4.  The Deployment Phase
In essence once a project has been thoroughly tested and is seen as stable it will be deployed into the real world - this doesn't mean that the three previous groups become obsolete - in fact they would continue to redesign, redevelop and retest in order to add new features, remove features which are not needed and deal with bugs or unexpected behaviour which was not picked up in the labs.  And believe me, these -always- manifest - I have yet to work on a large project which works as desired first time round, it simply doesn't happen.  The project manager has to deal with change requests, bugs, resource issues, efficiency issues and a whole bunch of other things.

So the question is how does a piece of code "intended" for another project entirely, manage to find its way into the project without being noticed?  The short answer is that it doesn't, it simply is not possible because of the very granular method in which projects are developed.
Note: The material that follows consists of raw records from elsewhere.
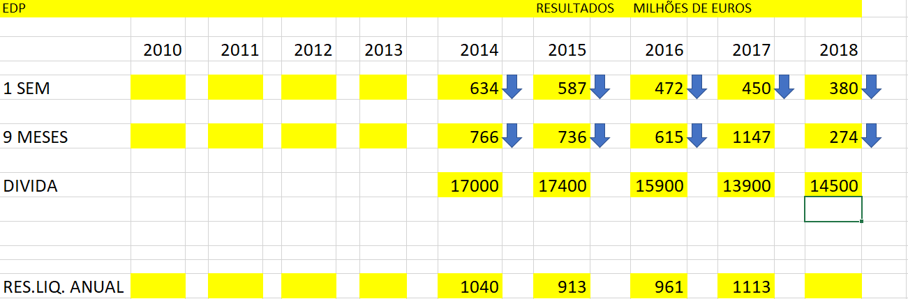 Os resultados caíram a pique devido a fatores correntes , taxas energéticas e em parte por um fator que se presume extraordinário , mas a divida aumentou de 13900 milhões de euros em 2017 para 14500 milhões de euros em 9 meses de 2018.
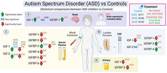 - Shen, J.; Liu, L.; Yang, Y.; Zhou, M.; Xu, S.; Zhang, W.; Zhang, C. Insulin-Like Growth Factor 1 Has the Potential to Be Used as a Diagnostic Tool and Treatment Target for Autism Spectrum Disorders. Cureus 2024, 16, e65393. [Google Scholar] [CrossRef] [PubMed] [PubMed Central]
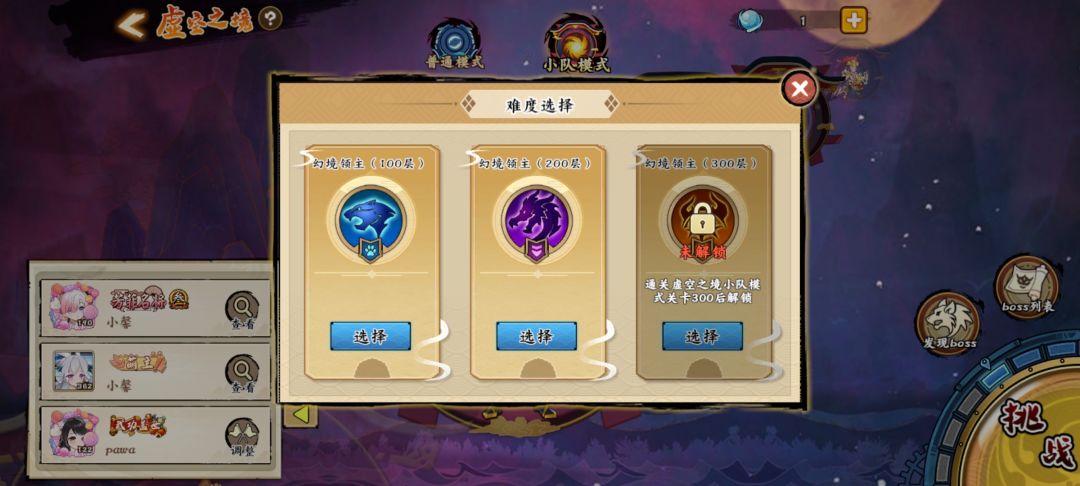 虚空 普通模式打完给进阶石 听大佬说后面进阶石会不够用 小队模式给英雄经验 小队模式有发现boss 每天可以打一次
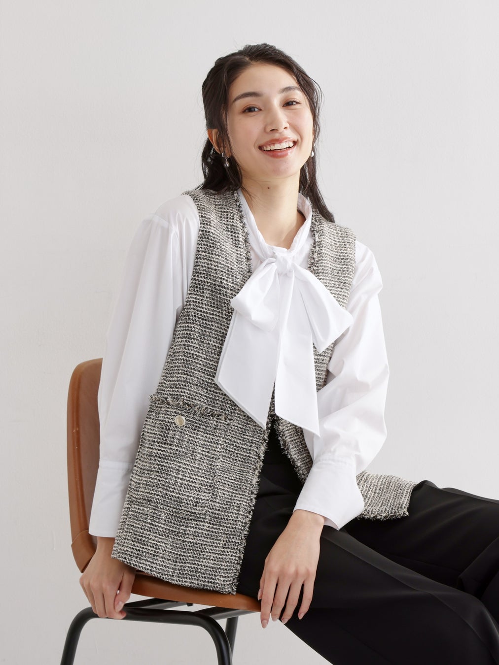 着回しに活躍する各アイテムの単品使いで、カジュアルダウンしたコーディネートもお楽しみください。
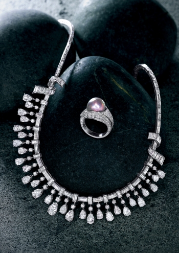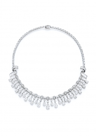 The front section, designed as a row of baguette-cut diamonds suspending a fringe of pear-shaped and brilliant-cut diamonds, to the baguette-cut diamond scrolled spacers and backchain, mounted in platinum, 39.5 cm long
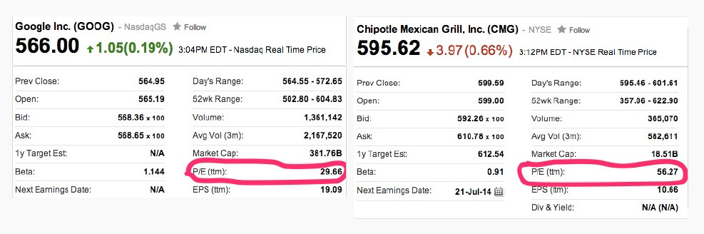 The average P/E ratio on the major stock markets indices is 15. Google’s P/E ratio is 30. Chipotle’s P/E ratio is 56. Said another way: Chipotle’s profits are worth more than Google’s.
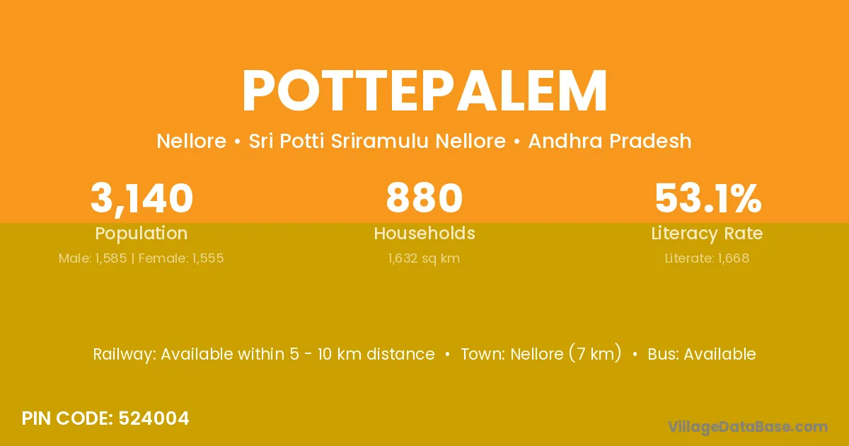 Nellore (7 km) is the nearest town to Pottepalem village for major economic activities and is located approximately 7 km away.
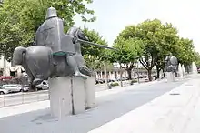Ponce died shortly after his final act, his donation for his son's soul, and he was buried in the Cathedral of Zamora. In the fifteenth century a sculpture of Ponce, in armour and at prayer, was placed in a niche in the main chapel.[67] On 25 May 1163 his surviving children made a joint donation to the canons of Zamora of a parcel of land at Villarrín de Campos for the sake of their father's soul.[64] There is a seemingly authentic charter witnessed by Ponce de Cabrera as lord of Villafranca del Bierzo dated 13 March 1165. The count was dead by this date, and it appears the date on this genuine charter is incorrect.[2] Ponce's death has sometimes been mistakenly placed in 1169.[68] There is a street in central Zamora named "Calle Ponce de Cabrera".[69]
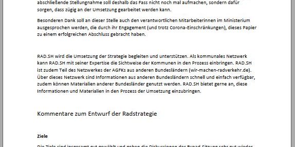 Die Landesradstrategie steht kurz vor der Fertigstellung. RAD.SH wurde umfangreich beteiligt und liefert letzte Kommentare zur Strategie.
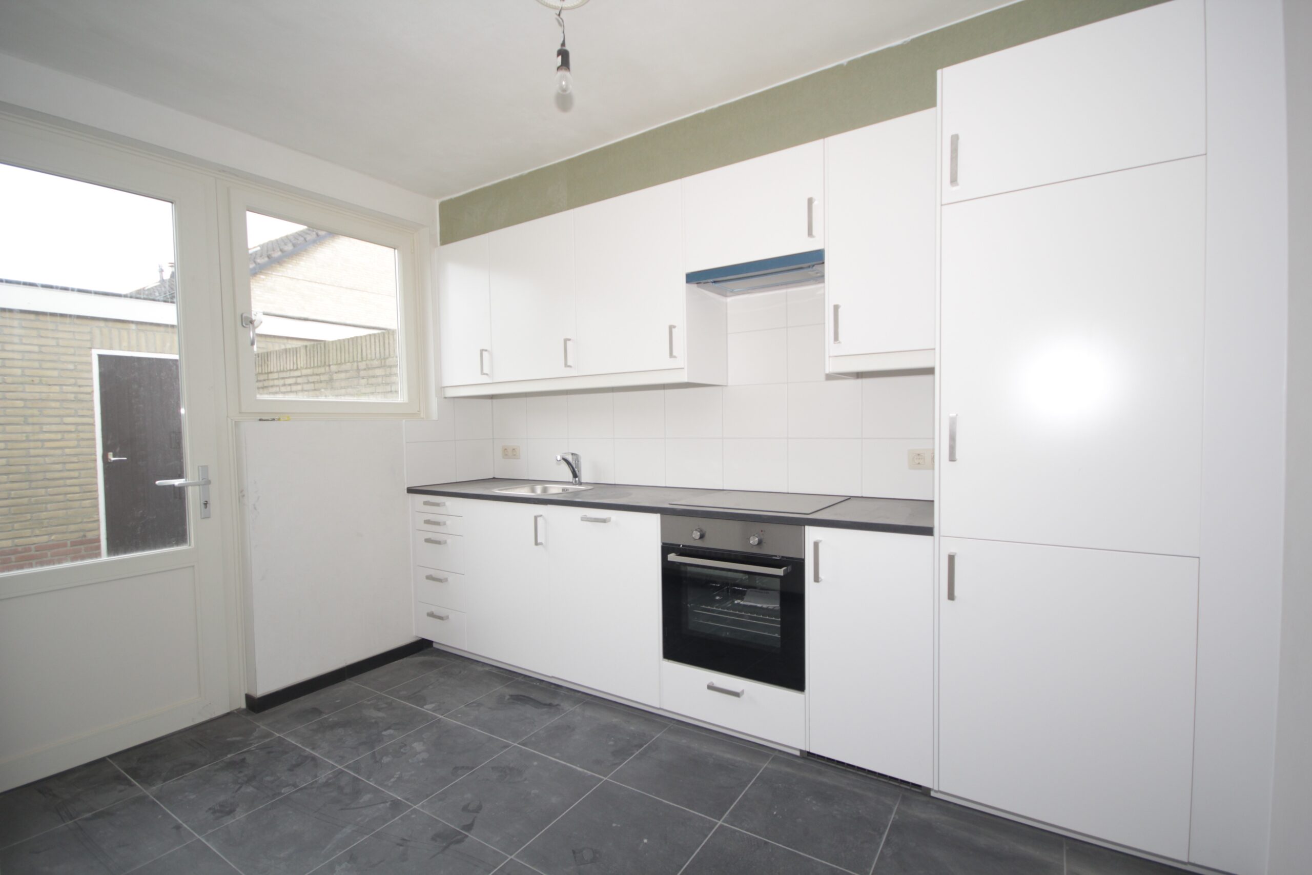 Vanuit de hal betreedt u de keuken, voorzien van keukeninrichting met diverse onder en bovenkastjes en alle apparatuur (kookplaat gas, oven, koelkast, vriezer en vaatwasser). Vanuit de keuken is de tuin en berging bereikbaar. Uiteraard is de gehele woning voorzien van centrale verwarming. Naast de entree en keuken bevindt zich over de volle lengte van de woning de woonkamer (28,5m2).
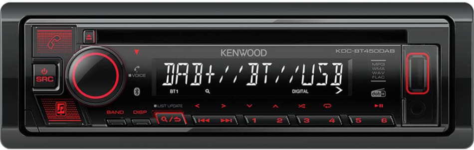 Kenwood KDCBT450DABiPod/iPhone- og Androidkompatibel.Innebygd Bluetooth handsfree med audio streaming.Denne spilleren har langt minne for kjøretøy med hovedstrømsbryter. (Menyinnstilling) CD-receiver med digital radiomottager DAB/ DAB+, iPod/iPhone direkte kontroll og USB-inngang. Få enkel tilgang til din digitale musikksamling via USB. Lytt til musikk fra minnepinnen, harddisken, iPod'en eller nyt det støyfrie mottaket og den gode lyden fra DAB-radioen.USB- og AUX-inngangerMottakeren spiller av alle brente CDer , inkludert plater lastet med MP3, WMA, AAC, WAV.Den praktiske USB-inngangen på fronten er perfekt for bruk med USB-penner. På frontpanelet er det også AUX-inngang som gjør det enkelt å koble til andre lydkilder som for eksempel en MP3 spiller.BluetoothInnebygget bluetooth handsfree. Dette betyr at du kan la telefonen ligge overalt i bilen eller i lomma, og adresser blir automatisk tilgjengelig for å surfe og ringe. i tillegg kan du streame musikken fra mobilen til spilleren. Spesifikasjoner 4x50 W MOSFET DAB+ TA (Traffic announcement, Traffic alarm) Bluetooth HFP/A2DP innebygd (HFP V1.6 & A2DP (aptX)) 5 x Bluetooth-enheter kan kobles til samtidig for lydavspilling 2 x telefoner kan være tilkoblet samtidig for telefonbruk iPod / iPhone kontroll USB og AUX (foran ) 1,5A lading av telefon via USB 13-bånds EQ Multispråkmeny og tekstvisning 1 Linjeutgang (2,5V) Langt minne Inngang for multifunksjonsratt Støtter bruk av smarttelefon som fjernkontroll (Play Store)Vindusantenne inkludert med 3 meter kabel.Separat mikrofon inkludert med 3 meter kabel.
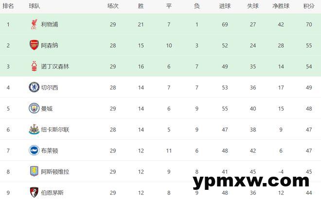 在积分榜上,利物浦70分领跑。阿森纳55分排名第2。诺丁汉森林54分,只比阿森纳少1分。切尔西49分排名第4。第5的曼城只有48分。纽卡斯尔联和布莱顿都是47分,继续施压曼城。阿斯顿维拉45分排名第8。
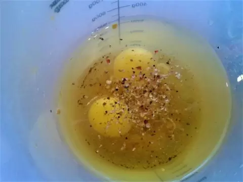 2. Важно сначала разбить яйца в отдельную чашку, чтобы избежать повреждения желтка, и только потом добавить их к остальным ингредиентам.
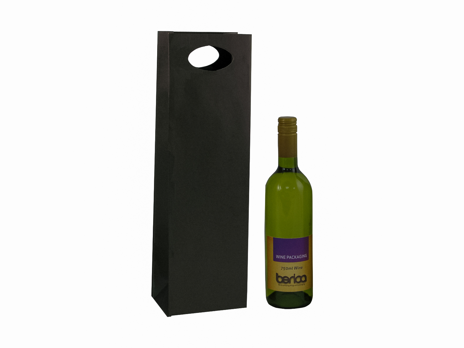 - Wine Bag for one Bottle with Die Cut Handle, 110L x 90W x 420H mm, Black
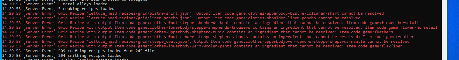 jakecool19 Posted January 10, 2021 Author Report Posted January 10, 2021 1 hour ago, Michael Wendt said: when i load my server i get this error, everything runs and its new server so i cant really test what this will cause for issues. im assuming its from this mod as its all clothing recipes. I am sorry but that is not from my mod, it does nothing clothing related. The problem is, whatever mod is adding these recipes are not using the right item codes. For example game:flower-horsetail does not exist it should be game:flower-horsetail-* or game:flower-horsetail-free.
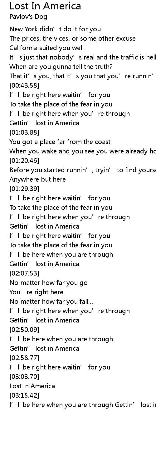 | [01:47.34] | Gettin’ lost in America |
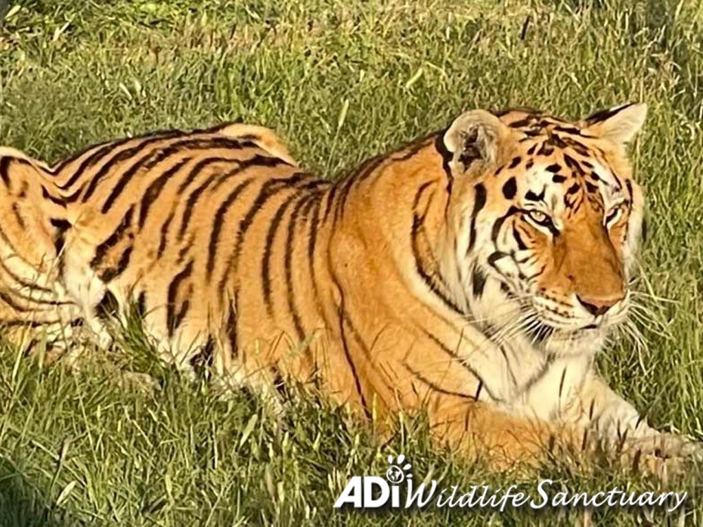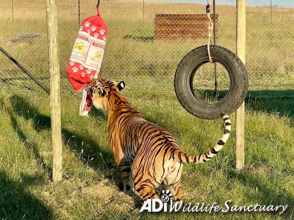 Sasha tiger is having fun swinging on and tearing into a punch bag of catnip and hay, kindly provided by Kunduchi Pet Products. Before ADI rescued her from a circus in Guatemala, she was confined to a tiny bare cage, with no room to run or play. Now she is free to have fun. Watch out for a video of these antics coming soon.
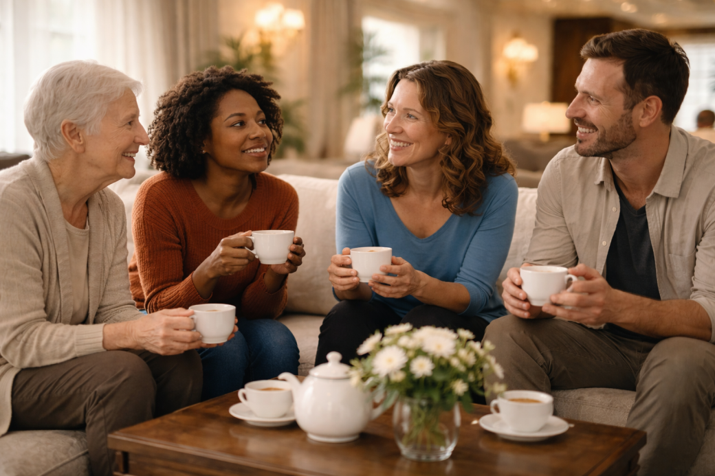 autour d’une boisson chaude,
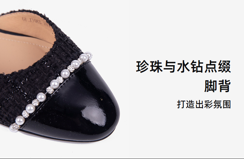 千百度低跟麻花钻带玛丽珍女鞋小香风浅口晚晚单鞋A25125205
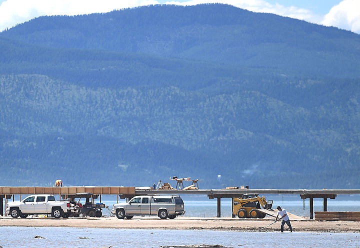 A forklift removes SmartLam panels Thursday from a raised road built as part of a bridge construction project on the north shore of Flathead Lake. The access road built atop the exposed lakebed led to a cease-and-desist order from the Army Corps of Engineers. (Brenda Ahearn/Daily Inter Lake)
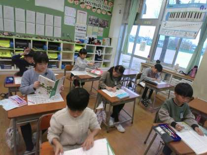 2学期もあっという間に最後の月となり、学習のたしかめも終えました。基本に立ち返って、カタカナの字形を確かめながら正しく書けるように復習しています。また、新しく習う漢字もひとつひとつ丁寧に、集中して練習しています。
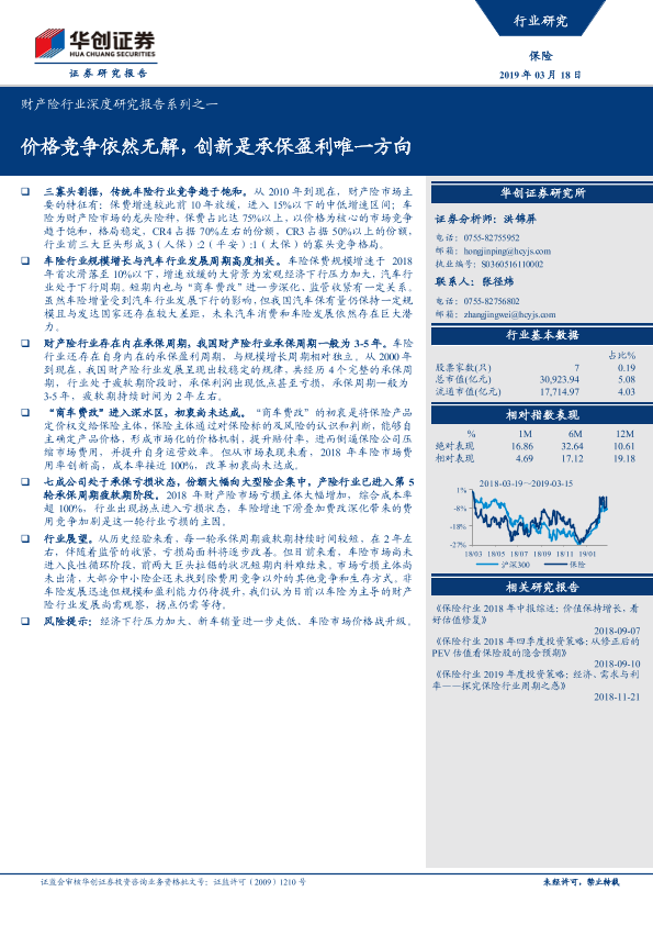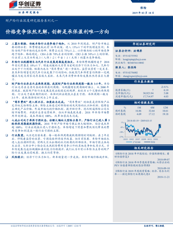 【华创证券】【20190318】财产险行业深度研究报告系列之一:价格竞争依然无解,创新是承保盈利唯一方向-21页

At the very worst it would have been picked up in Phase 3 (Testing) as the data coming back from the test environments would include all this "accidental" data and would be picked up by the people doing the testing.  At this phase in order for it to be "rogue" code one would assume there would be no technical specifications for that code which would immediately ring alarm bells with the testers as they find they have all this data which is not defined.

Even if it was missed during the testing phase (which is incredibly unlikely) it would certainly be noticed in the data coming back during the early stages of deployment - which is always examined thoroughly - you simply cannot fail to notice all this incoming data containing the contents of Internet communications.

Furthermore, one has to assume that the size of this data (considering it has been collected for over 3 years) would be significant - probably hundreds of terabytes - that all has to be stored somewhere and believe me when I say Database and System Administrators know their systems very well indeed, it is their job to know what is in their systems and why it is there - they need to know this to keep on top of resources, manage access control and backups - you can't store all this extra data accidentally, it takes physical space, money and real man hours to manage it.

So do I trust Google when they say it was accident?  Absolutely not - they knew they had the data, they knew where and what that data was and they stockpiled it for 3 years - and it is likely they would have continued to do so had Germany not demanded to know what data they were collecting.

Google may well be able to pull the wool over the eyes of regulators, press, media and the general public - but anyone who has worked professionally on large IT projects knows full well that this was no accident - it just doesn't happen that way.